2006-07-28 [Linderel]: Sorry, didn't mean to sound snappy or anything. Heh, well, as long as you correct your possible mistakes, or at least are aware of them in case someone corrects them for you, all is well.

2006-07-28 [Xx sαяαн-ιоυιѕε мαч..x]: Nah you didn't sound snappy :) It's nice to see that people still care about presentation and stuff :)

2006-07-28 [Moving on in Life]: Indeed

2006-07-30 [Moving on in Life]: So, will you notify us if our poem made it up on Mainstreet? :D

2006-07-30 [Mödi]: They usually do. You get a comment in your guestbook.

2006-07-30 [Jay Ladlehaus]: [Mödi] - please fix the format on all three of your submissions or they will be removed.

2006-07-30 [Jay Ladlehaus]: [rozethourne] - please fix the format of your poem or it will be removed.

2006-07-30 [Moving on in Life]: okay! Thanks

2006-07-31 [Black Rat 1214]: wahey! my first poem's up!

2006-07-31 [Linderel]: [Black Rat 1214]: Otherwise, all well and good, but the formatting of your entry makes it more prose than poetry.

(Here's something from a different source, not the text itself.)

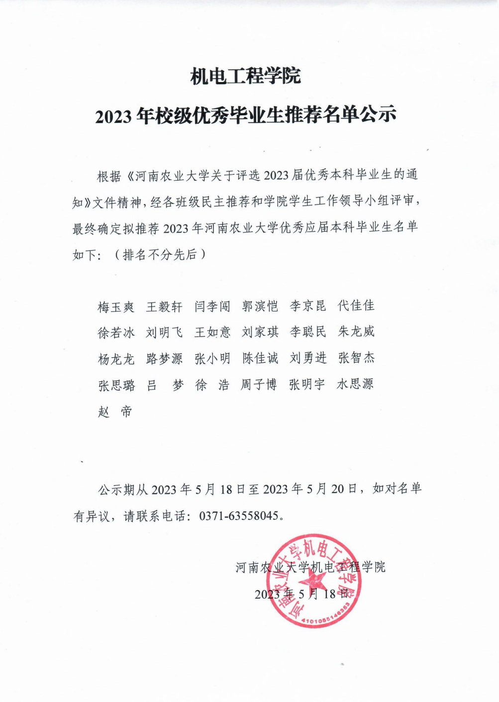 根据《色情小说网 关于评选 2023 届优秀本科毕业生的通知》文件精神,经各班级民主推荐和学院学生工作领导小组评审最终确定拟推荐 2023 年色情小说网 优秀应届本科毕业生名单如下: (排名不分先后 )

We don't accept prose poetry. Why? Well, for instance, it would mess up the frontpage.

2006-07-31 [Black Rat 1214]: Ah, well, that's how i write my stuff. Is there anyway i can change it?

2006-07-31 [Linderel]: Yes, you can change it. I'd recommend that, otherwise it gets removed by one of the Bosses. The simplest solution, if you still wish your work to be featured, is just using a bit more Enter. :)

2006-08-01 [Black Rat 1214]: Hmmm, i've had a look at it myself and it doesn't seem to flow properly. I'll change it anyway.

2006-08-01 [Black Rat 1214]: Ok, i've changed it, let me know what you think or should i just take it down completely?

2006-08-01 [Linderel]: Sorry, still too many long lines... :/ If you could get all the verses to look approximately the same as the first and the fourth verse, line length -vise, it'd be good.

2006-08-01 [Black Rat 1214]: I'll just delete it and try and come up with something new.